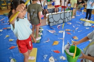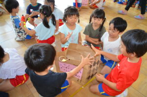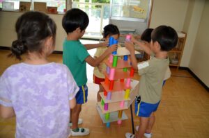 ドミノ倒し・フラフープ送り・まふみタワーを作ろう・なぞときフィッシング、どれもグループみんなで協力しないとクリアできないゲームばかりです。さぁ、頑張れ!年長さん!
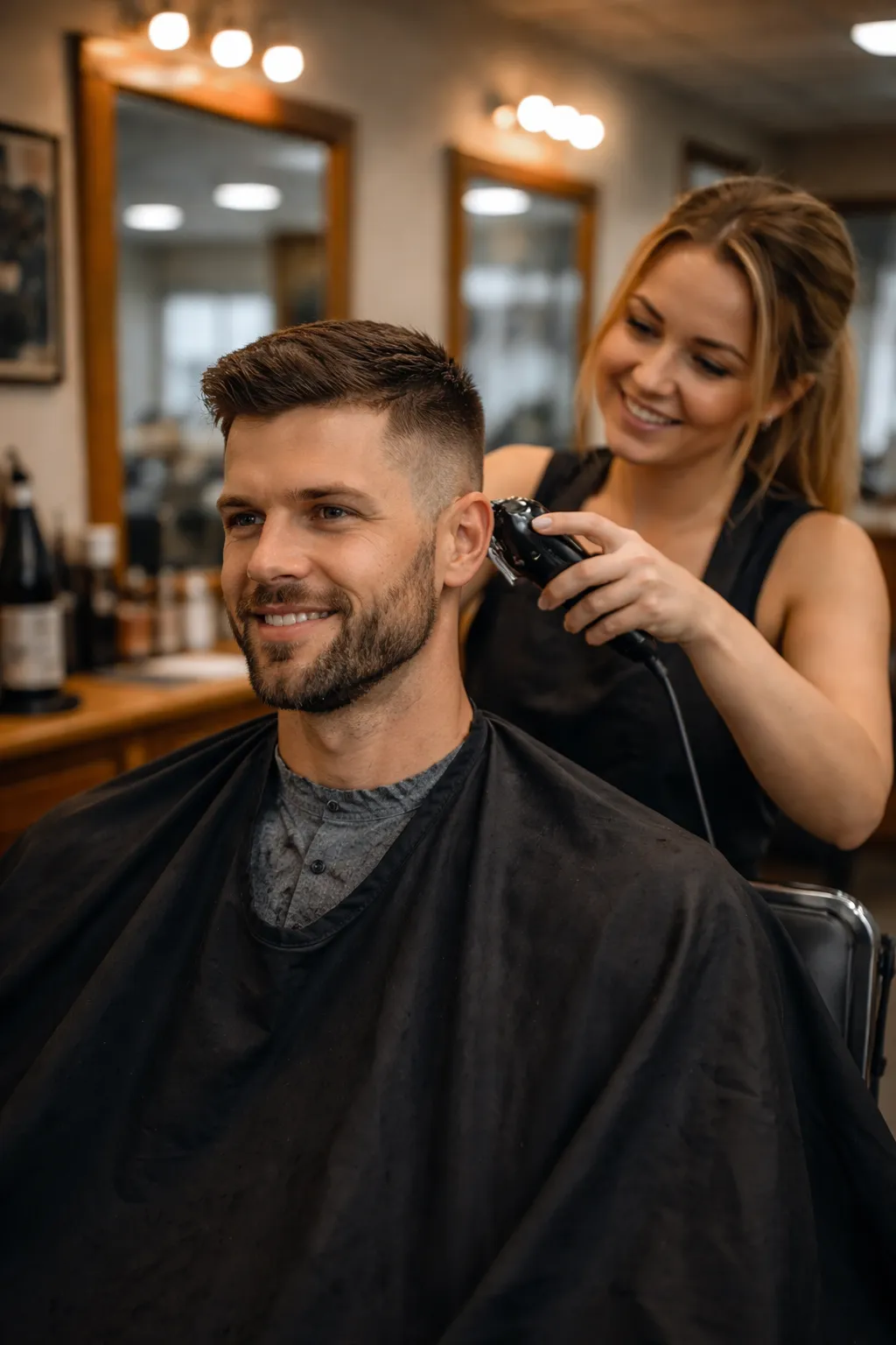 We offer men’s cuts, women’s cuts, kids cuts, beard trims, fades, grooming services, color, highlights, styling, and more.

* * *

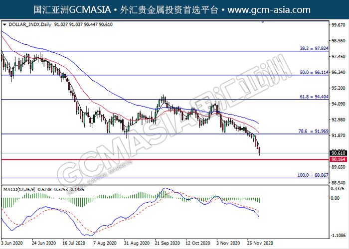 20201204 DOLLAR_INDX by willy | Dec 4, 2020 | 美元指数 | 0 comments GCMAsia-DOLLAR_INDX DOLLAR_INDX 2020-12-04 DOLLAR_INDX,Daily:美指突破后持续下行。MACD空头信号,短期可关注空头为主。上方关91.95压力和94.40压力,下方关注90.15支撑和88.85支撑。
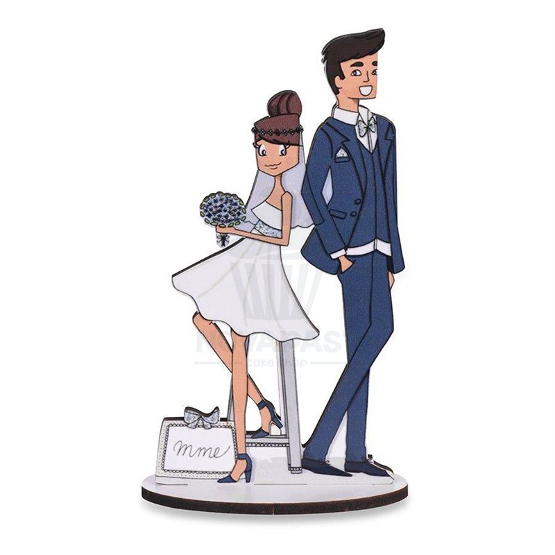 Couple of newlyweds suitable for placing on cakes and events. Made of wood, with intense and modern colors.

--

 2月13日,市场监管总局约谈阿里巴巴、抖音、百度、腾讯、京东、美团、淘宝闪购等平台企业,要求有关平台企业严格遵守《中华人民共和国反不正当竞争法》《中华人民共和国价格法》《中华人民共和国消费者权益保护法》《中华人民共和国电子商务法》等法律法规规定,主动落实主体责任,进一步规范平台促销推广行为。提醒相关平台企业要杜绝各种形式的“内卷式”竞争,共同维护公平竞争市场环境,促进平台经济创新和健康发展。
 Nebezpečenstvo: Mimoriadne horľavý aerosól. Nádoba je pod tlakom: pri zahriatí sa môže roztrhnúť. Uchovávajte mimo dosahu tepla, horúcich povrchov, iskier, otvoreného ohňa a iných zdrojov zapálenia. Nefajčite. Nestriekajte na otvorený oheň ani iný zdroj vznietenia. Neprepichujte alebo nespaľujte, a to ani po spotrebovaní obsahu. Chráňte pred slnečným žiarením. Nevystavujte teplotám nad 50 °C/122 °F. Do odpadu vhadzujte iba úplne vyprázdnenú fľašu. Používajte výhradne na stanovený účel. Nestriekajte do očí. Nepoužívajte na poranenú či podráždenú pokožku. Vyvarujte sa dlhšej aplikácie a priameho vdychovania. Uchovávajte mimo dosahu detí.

ASSIGNMENT = Beginning with the line that contains "ドミノ倒し・フラフープ送り・" and ending with the line that contains "We offer men’s", reproduce the listing exactly, pictures excluded.

SOLUTION TO THE EXERCISE =
 ドミノ倒し・フラフープ送り・まふみタワーを作ろう・なぞときフィッシング、どれもグループみんなで協力しないとクリアできないゲームばかりです。さぁ、頑張れ!年長さん!
 We offer men’s cuts, women’s cuts, kids cuts, beard trims, fades, grooming services, color, highlights, styling, and more.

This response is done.